Exactly as written, set down the lines from the top of the entries through the line bearing "Stretched Abstract Milliefiori", with every picture left out.

:: Dataset ::

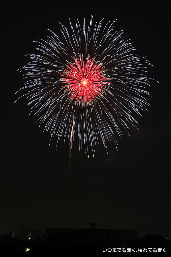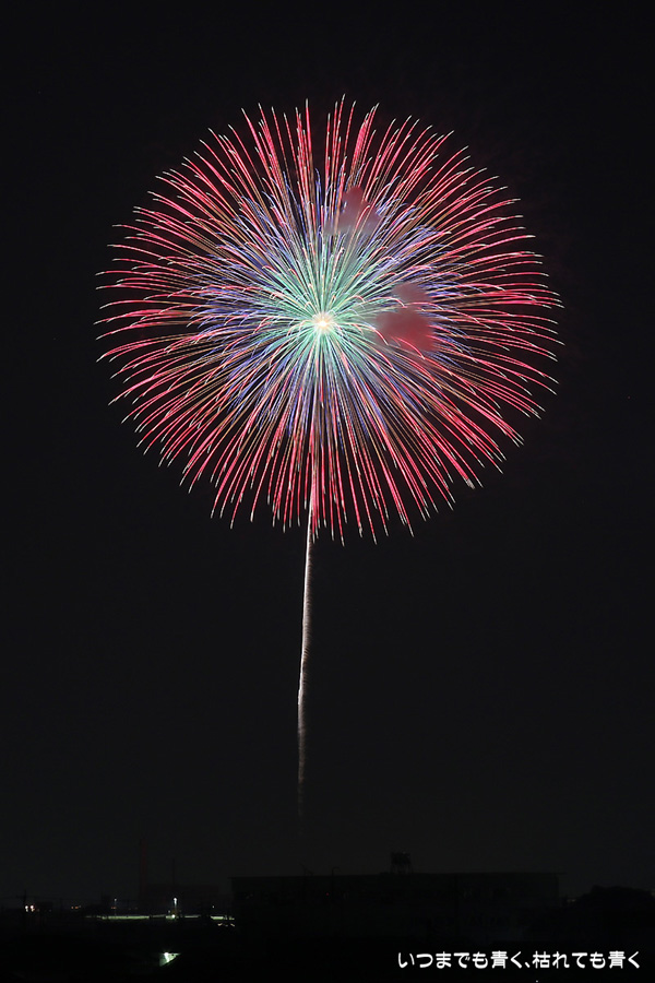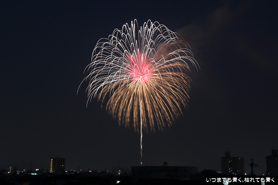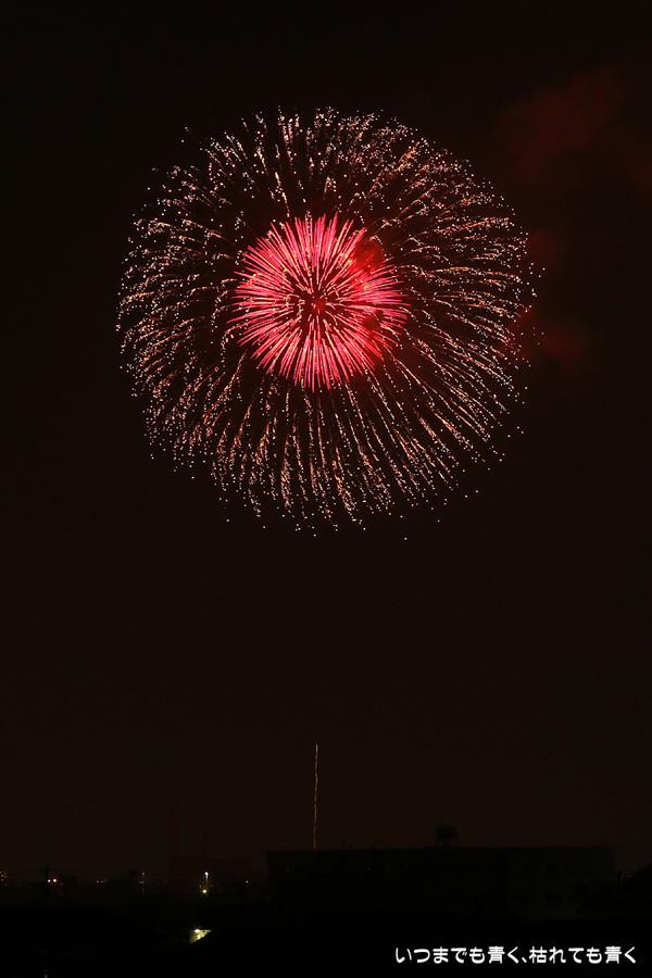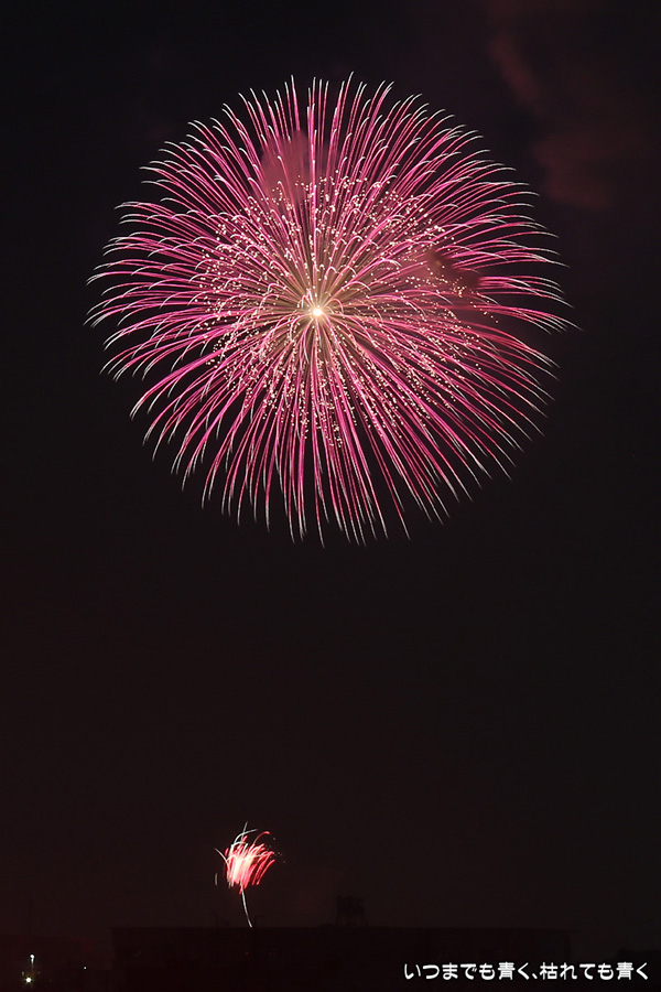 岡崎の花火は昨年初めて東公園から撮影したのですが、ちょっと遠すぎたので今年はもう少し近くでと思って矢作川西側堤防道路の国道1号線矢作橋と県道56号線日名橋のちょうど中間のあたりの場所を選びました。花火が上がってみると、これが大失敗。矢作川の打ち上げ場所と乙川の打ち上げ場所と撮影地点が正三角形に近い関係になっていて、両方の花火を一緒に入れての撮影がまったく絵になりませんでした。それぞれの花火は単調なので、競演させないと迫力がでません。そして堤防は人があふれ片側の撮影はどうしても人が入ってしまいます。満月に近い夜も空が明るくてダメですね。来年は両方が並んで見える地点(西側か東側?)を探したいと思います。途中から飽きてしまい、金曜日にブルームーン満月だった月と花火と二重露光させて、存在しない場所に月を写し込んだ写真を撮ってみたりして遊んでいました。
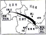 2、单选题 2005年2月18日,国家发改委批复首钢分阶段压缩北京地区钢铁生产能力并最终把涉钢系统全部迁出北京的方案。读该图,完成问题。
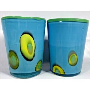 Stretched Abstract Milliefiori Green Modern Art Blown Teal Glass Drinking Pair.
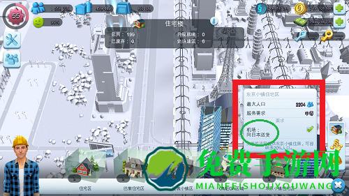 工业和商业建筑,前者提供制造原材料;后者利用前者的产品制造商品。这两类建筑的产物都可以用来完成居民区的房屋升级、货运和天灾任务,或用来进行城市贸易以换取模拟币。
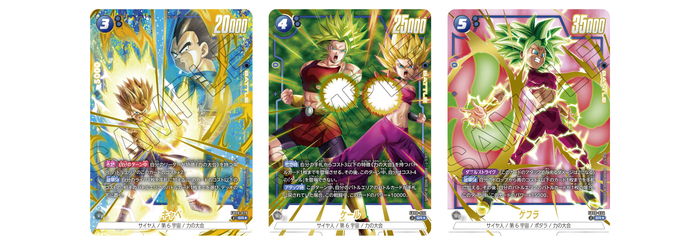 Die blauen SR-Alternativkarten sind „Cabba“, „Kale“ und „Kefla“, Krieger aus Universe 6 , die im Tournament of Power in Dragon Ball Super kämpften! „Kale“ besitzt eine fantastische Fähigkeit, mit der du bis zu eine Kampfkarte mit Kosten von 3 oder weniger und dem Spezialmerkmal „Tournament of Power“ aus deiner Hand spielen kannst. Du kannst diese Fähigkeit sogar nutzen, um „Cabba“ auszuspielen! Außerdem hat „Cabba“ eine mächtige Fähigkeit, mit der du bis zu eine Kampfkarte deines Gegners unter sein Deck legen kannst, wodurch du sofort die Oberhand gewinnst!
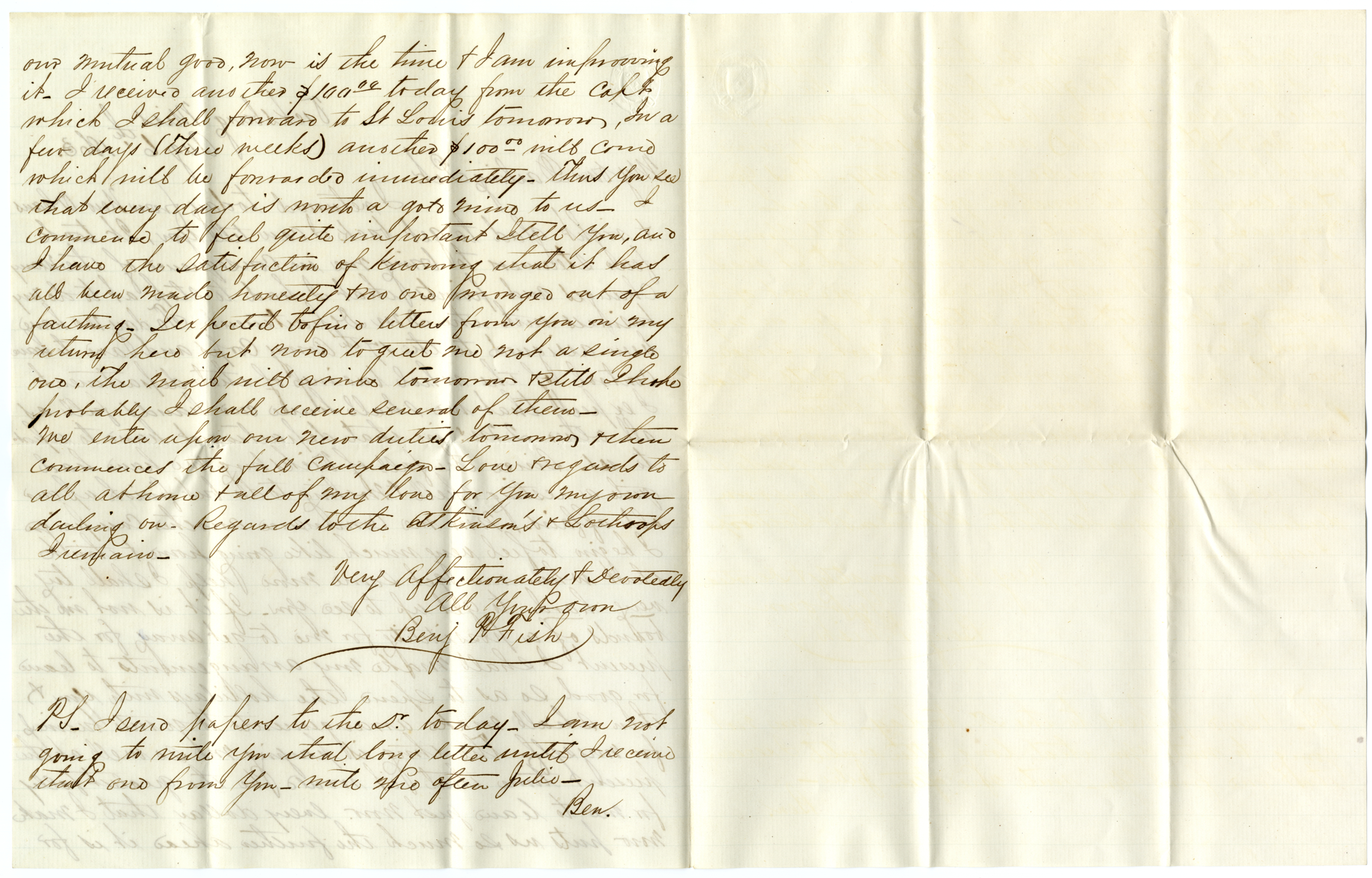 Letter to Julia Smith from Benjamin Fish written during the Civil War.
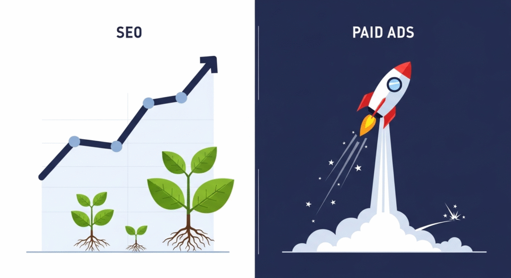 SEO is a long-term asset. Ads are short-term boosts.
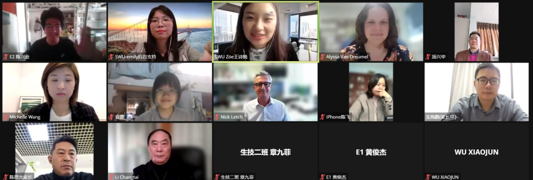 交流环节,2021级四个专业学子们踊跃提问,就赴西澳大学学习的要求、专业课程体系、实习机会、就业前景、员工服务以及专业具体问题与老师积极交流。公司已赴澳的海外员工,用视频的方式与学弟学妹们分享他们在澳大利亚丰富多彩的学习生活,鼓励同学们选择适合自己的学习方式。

:::

▸ **Expected answer**
 岡崎の花火は昨年初めて東公園から撮影したのですが、ちょっと遠すぎたので今年はもう少し近くでと思って矢作川西側堤防道路の国道1号線矢作橋と県道56号線日名橋のちょうど中間のあたりの場所を選びました。花火が上がってみると、これが大失敗。矢作川の打ち上げ場所と乙川の打ち上げ場所と撮影地点が正三角形に近い関係になっていて、両方の花火を一緒に入れての撮影がまったく絵になりませんでした。それぞれの花火は単調なので、競演させないと迫力がでません。そして堤防は人があふれ片側の撮影はどうしても人が入ってしまいます。満月に近い夜も空が明るくてダメですね。来年は両方が並んで見える地点(西側か東側?)を探したいと思います。途中から飽きてしまい、金曜日にブルームーン満月だった月と花火と二重露光させて、存在しない場所に月を写し込んだ写真を撮ってみたりして遊んでいました。
 2、单选题 2005年2月18日,国家发改委批复首钢分阶段压缩北京地区钢铁生产能力并最终把涉钢系统全部迁出北京的方案。读该图,完成问题。
 Stretched Abstract Milliefiori Green Modern Art Blown Teal Glass Drinking Pair.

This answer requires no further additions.